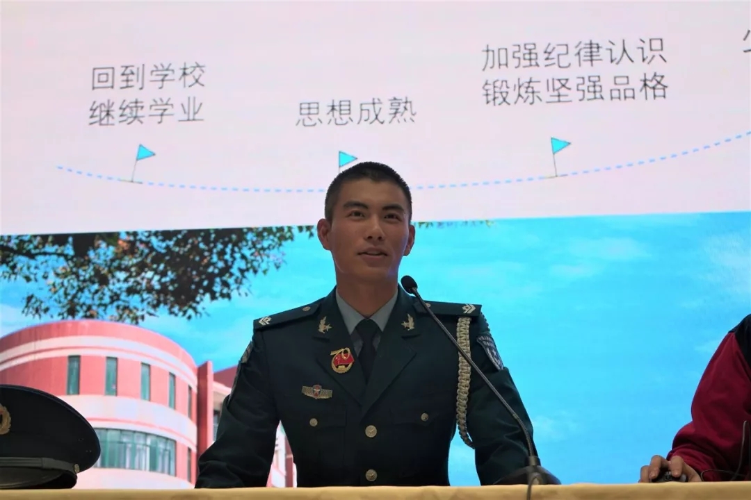 为进一步激励全院青年学子厚植爱国情、坚定强国志、实践报国行,用奋斗书写青春华章,10月29日,学院举办庆祝中华人民共和国成立70周年受阅士兵叶雨豪优秀事迹报告会。身着阅兵服,佩戴70周年阅兵纪念章的叶雨豪端正挺拔、英姿卓立,讲述了他退役后再度热血应征,阅兵村敢于挑战淬筋炼骨,表现优异评上“先进排面”,最终梦圆天安门的国庆大阅兵故事。一幅幅背景照片:破洞的手套、磨坏的军鞋、滴水的衣袖、身上的累累伤痕……见证了新一代军人的坚毅与担当。一段段视频短片:烈日下正步铿锵,刺刀寒光四射、劈枪整齐划一,百人行进如一人……彰显了后备劲旅“召之即来、来之能战、战之必胜”的钢铁意志。受阅士兵叶雨豪的爱国情怀、坚毅品格和自信力量深深打动了在场师生,聆听报告过程中多次响起热烈的掌声。
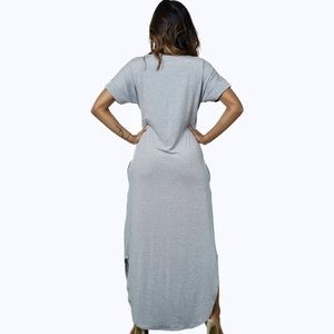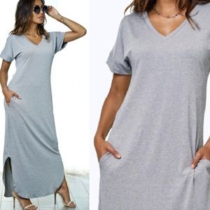 This maxi shift dress features v-neck, short sleeve, hem round trim, two side slit. Bust measures about 39 inches, length measures about 52 inches Model Info: Height: 5ft 5in | Waist: 24in | Hips: 28in | Chest: 32C Wear Size: Medium
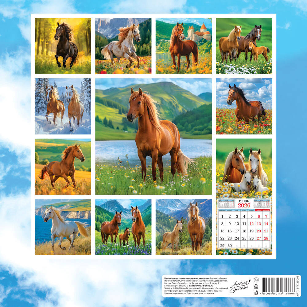 В УПАКОВКЕ. Индивидуальный пакет с европодвесом. 12 листов, на скрепке, размер 290х290 мм. Обложка: УФ-лак, картон 225 г/м. Внутренний блок: бумага мелованная 105 г/м.

####

§ PROBLEM TO WORK ON
Only the lines from the one containing "This maxi shift" through the final line of the data are to be written out, exactly as they stand and without pictures.

§ YOUR SOLUTION
 This maxi shift dress features v-neck, short sleeve, hem round trim, two side slit. Bust measures about 39 inches, length measures about 52 inches Model Info: Height: 5ft 5in | Waist: 24in | Hips: 28in | Chest: 32C Wear Size: Medium
 В УПАКОВКЕ. Индивидуальный пакет с европодвесом. 12 листов, на скрепке, размер 290х290 мм. Обложка: УФ-лак, картон 225 г/м. Внутренний блок: бумага мелованная 105 г/м.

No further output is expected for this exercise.